• GOAL OF THE EXERCISE: Repeat word for word the lines from the one containing "(1) User clicks" to the end of the material below, and leave all pictures out.

• EXERCISE DATA:
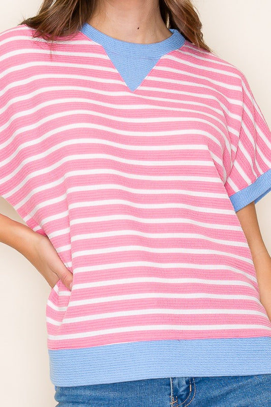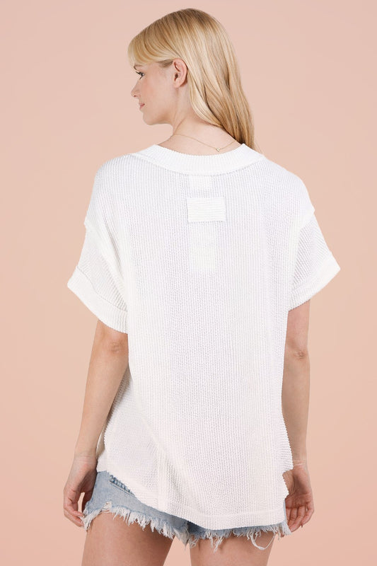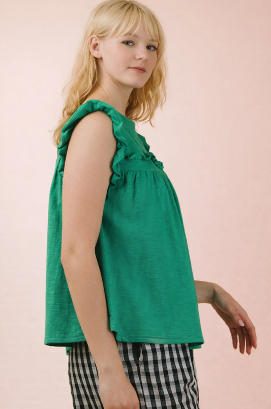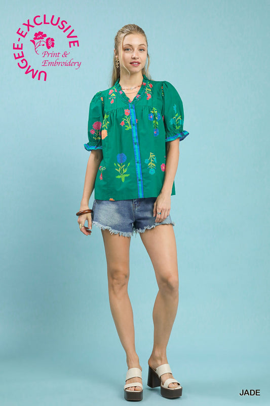 Gingham Bubble Sleeve V-Neck Top w/ Scallop Hem
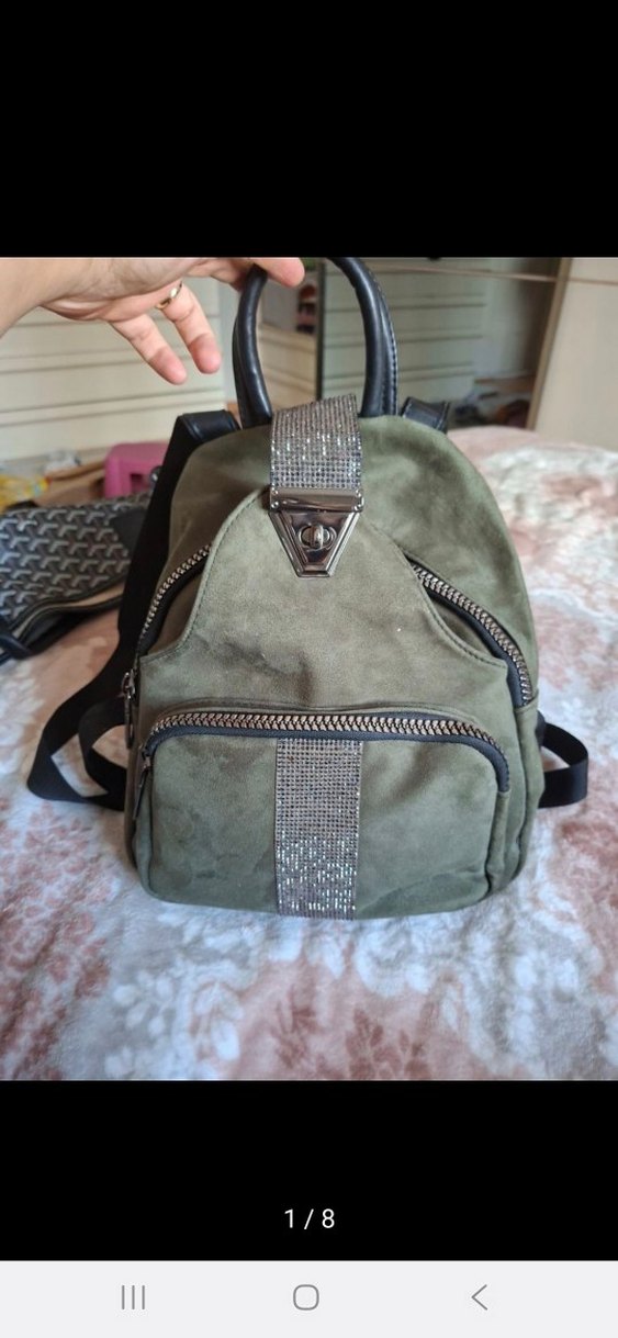 Nakışlı detaylara ve fermuarlı ön cebe sahip haki süet kadın sırt çantası. Biker tarzı, rahat ve trend görünümlü, günlük kullanıma uygun.
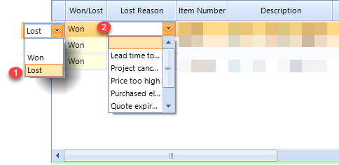 (1) User clicks on a cell and selects "Lost" from a list
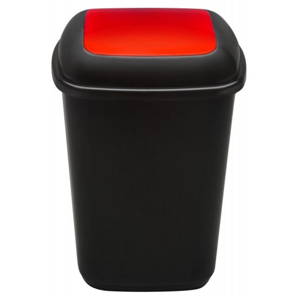 Cos plastic reciclare selectiva, capacitate 90l, PLAFOR Quatro – negru cu capac rosu – metal

• ANSWER AREA:
 (1) User clicks on a cell and selects "Lost" from a list
 Cos plastic reciclare selectiva, capacitate 90l, PLAFOR Quatro – negru cu capac rosu – metal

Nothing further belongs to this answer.